If you have been following the explosion of theoretical research into Transformers, you know that understanding what these models can actually compute is just as important as watching their loss curves go down. We often idealize the Transformer architecture to study it mathematically. One common simplification is Unique Hard Attention (UHA).
In standard “soft” attention (like in GPT-4), the model attends to all previous tokens with varying weights. In UHA, the model attends to exactly one token—the one with the highest attention score.
It sounds simple enough. But what happens if two tokens have the exact same maximum score? You have to pick one. You need a tiebreaking rule. You might pick the leftmost one (the earliest occurrence) or the rightmost one (the most recent occurrence).
For a long time, researchers treated this choice as a minor implementation detail. A new paper, Unique Hard Attention: A Tale of Two Sides, reveals that this “trivial” choice is actually a fundamental pivot point in computational power.
In this deep dive, we will explore why Rightmost tiebreaking makes a Transformer significantly more powerful than Leftmost tiebreaking, and how these models connect to the world of formal logic and automata.
1. The Setup: Idealizing the Transformer
To prove mathematical bounds on expressivity, we need to strip the Transformer down to its logical core. The authors of this paper operate under a specific set of realistic constraints known as the Finite-Precision UHA Transformer:
- Finite Precision: Real hardware uses fixed bits (16-bit, 32-bit). We don’t assume infinite precision floating points.
- No Positional Encodings: The model has to rely on the sequence itself and the masking to understand order.
- Strict Future Masking: A token at position \(t\) can only attend to positions \(t' < t\). It cannot see itself or the future.
- Unique Hard Attention (UHA): The attention mechanism selects a single past position that maximizes a scoring function.
How Information Flows
In this framework, a Transformer layer calculates a new representation for a token by “pulling” information from one specific past token.

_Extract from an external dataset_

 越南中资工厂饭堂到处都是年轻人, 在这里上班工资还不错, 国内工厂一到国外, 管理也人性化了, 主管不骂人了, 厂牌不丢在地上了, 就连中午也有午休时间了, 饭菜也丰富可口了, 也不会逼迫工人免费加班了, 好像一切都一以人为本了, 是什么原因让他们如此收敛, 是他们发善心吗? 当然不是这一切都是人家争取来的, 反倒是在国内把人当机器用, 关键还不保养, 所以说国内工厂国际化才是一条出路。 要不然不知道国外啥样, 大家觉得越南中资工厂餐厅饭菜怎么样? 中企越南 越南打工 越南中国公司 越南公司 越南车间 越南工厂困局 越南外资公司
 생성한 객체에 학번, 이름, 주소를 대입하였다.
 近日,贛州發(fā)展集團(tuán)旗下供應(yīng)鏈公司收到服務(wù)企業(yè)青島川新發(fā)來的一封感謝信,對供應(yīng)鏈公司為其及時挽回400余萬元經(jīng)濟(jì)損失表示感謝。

As shown in Figure 1 above, the representation \(x_t\) at layer \(\ell\) attends to a selected position \(t^*\) and adds that vector to itself via a residual connection. This means the Transformer is essentially “collecting” symbols from the past.
The mathematical definition of this attention mechanism is straightforward:

Here, norm is the hardmax function. This is where our story begins. The hardmax function must return a single index \(t^*\).
The Fork in the Road: Tiebreaking
When multiple positions \(t'\) yield the same maximum score, we must choose one. The paper defines two distinct operators:
- Leftmost (\(\blacktriangleleft\)): Selects the minimum index (earliest in time).
- Rightmost (\(\blacktriangleright\)): Selects the maximum index (most recent in time).

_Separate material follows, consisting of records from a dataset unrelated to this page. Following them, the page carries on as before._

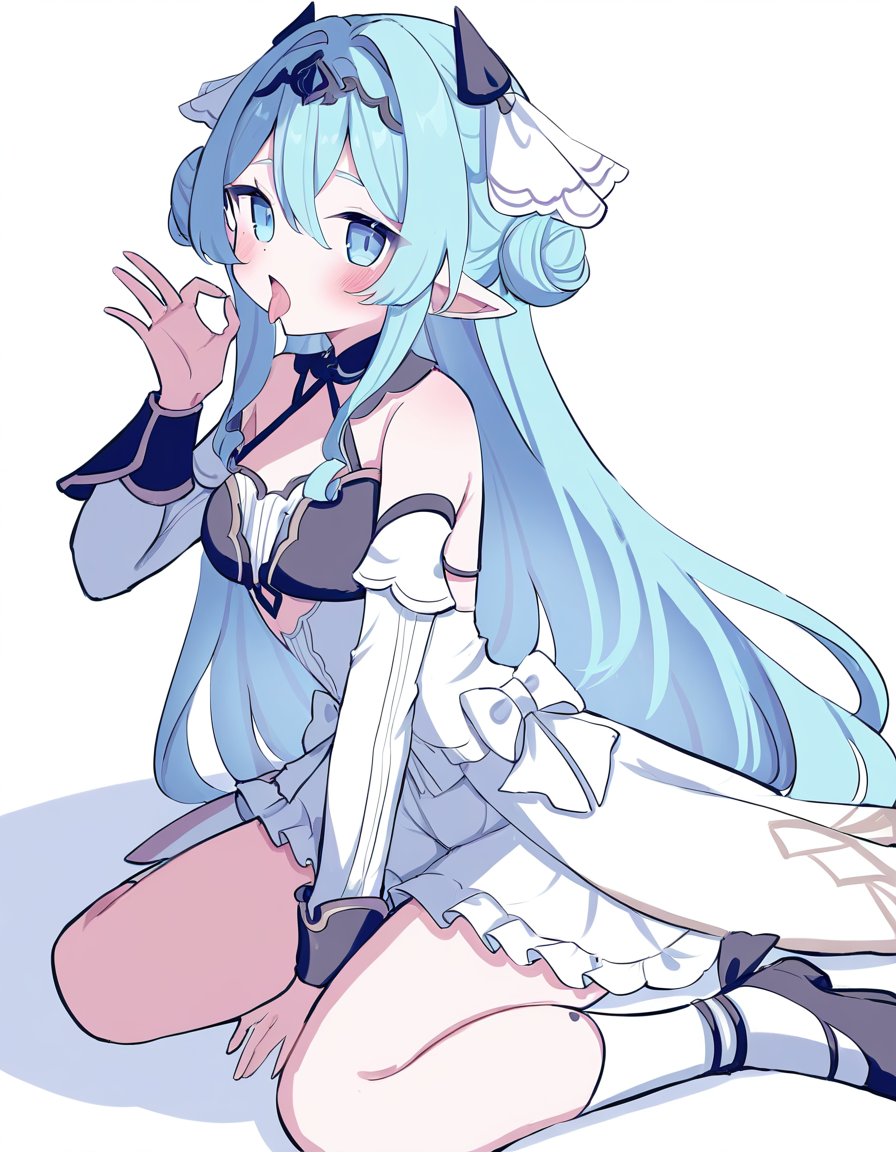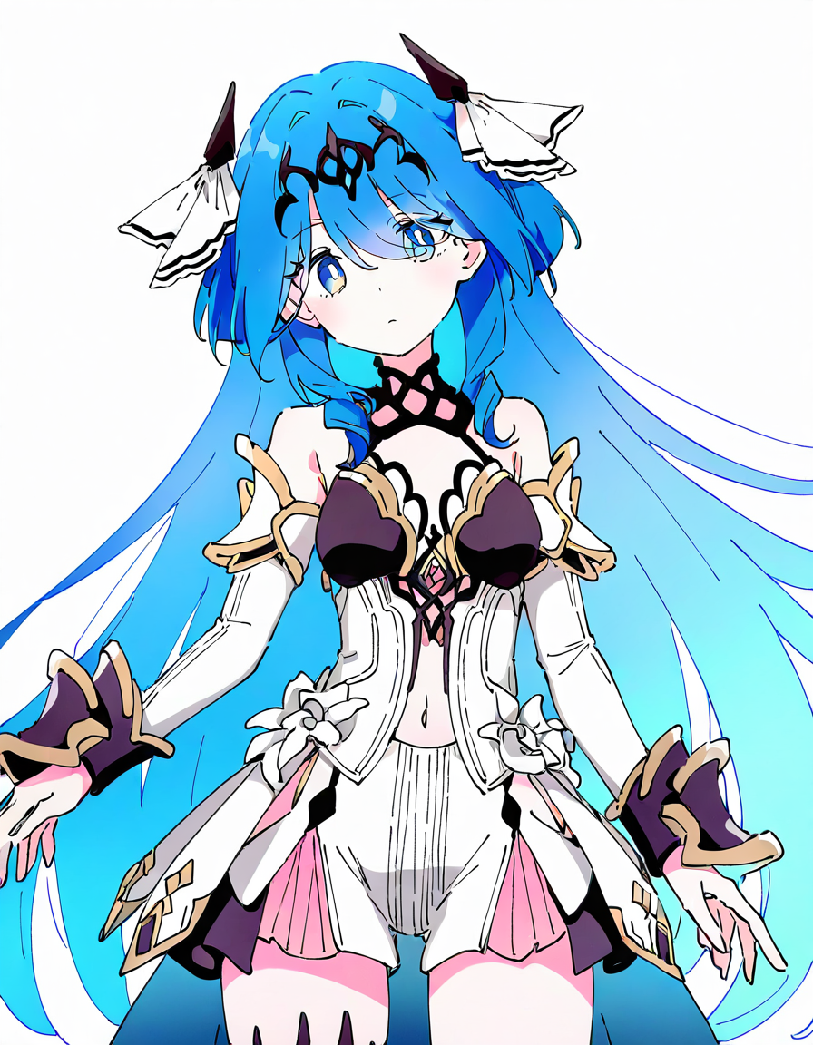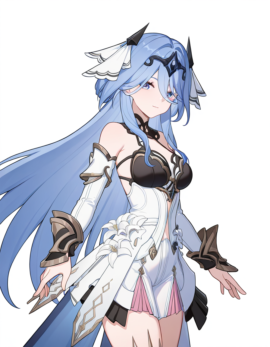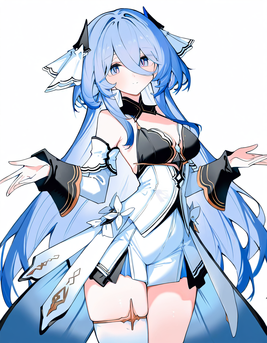 white dress,bare shoulders,detached sleeves,hair ornament,blue hair,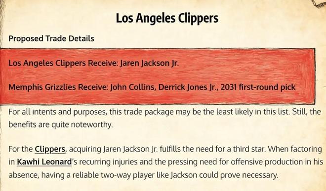 美媒《Fadeaway World》撰文建议,快船可以考虑将科林斯、小琼斯以及2031年的首轮签送到灰熊,引入小杰克逊。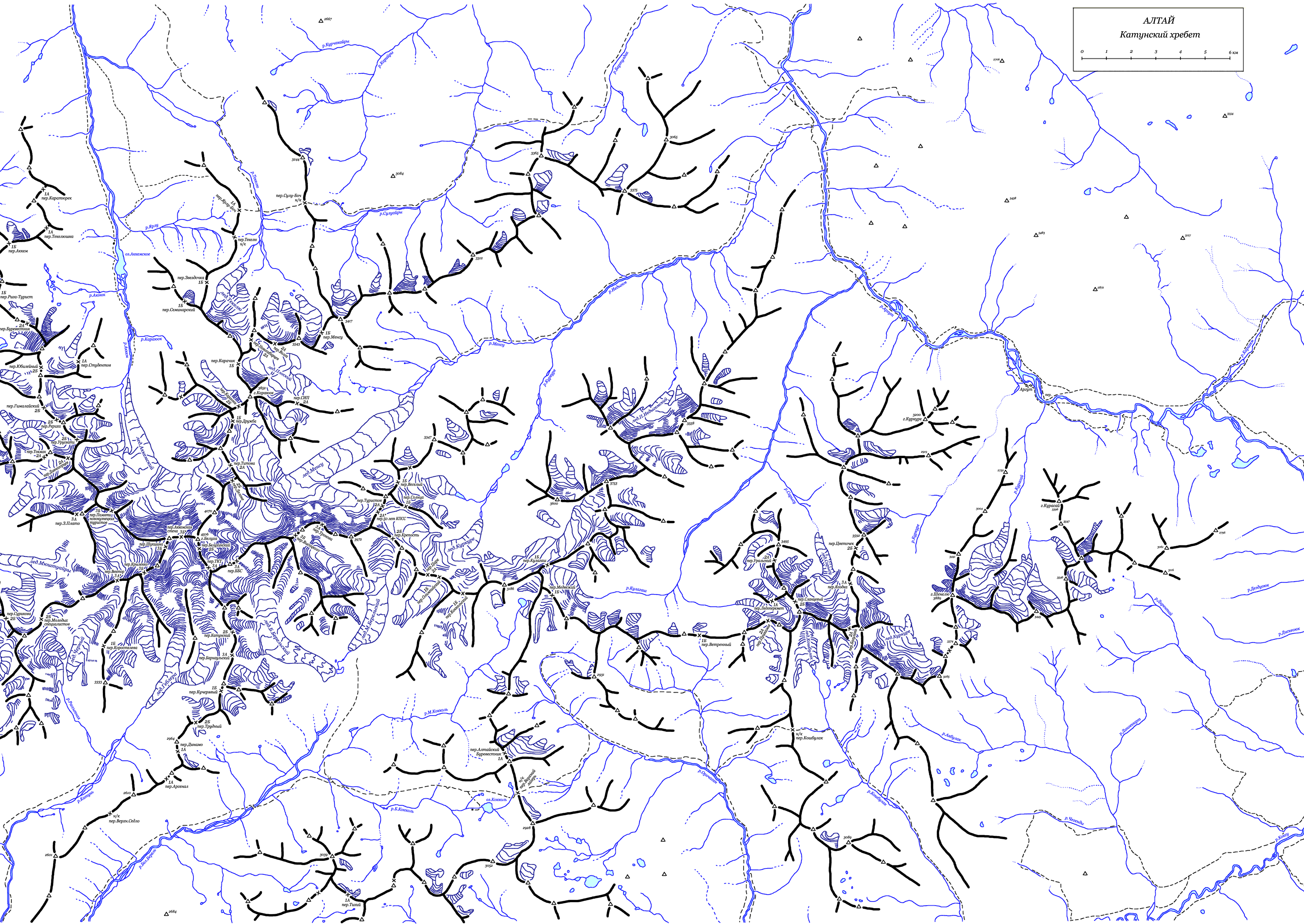 | Здесь приведена карта центральной части Катунского хребта Алтая. В качестве основы для правки была взята карта-хребтовка Катунских белков (Уфа-1986), а также топооснова масштаба 1:100000. Местоположение отдельных перевалов уточнялось по карте с сайта Второй Школы. (Последние изменения 07.04.2007). | ||||||||||

The central thesis of this work is that \(\blacktriangleleft\) (Leftmost) is strictly weaker than \(\blacktriangleright\) (Rightmost).
2. Intuition: Why is “Left” Weaker?
To understand why the direction matters, we can look at a programming language analogy called B-RASP. B-RASP is a boolean sequence programming language used to describe what Transformers do.
Imagine you are processing a sentence and you want to find specific information from the past.
The Leftmost Operation
The Leftmost operation scans the past and snaps to the first token that matches your search criteria (has a score of 1).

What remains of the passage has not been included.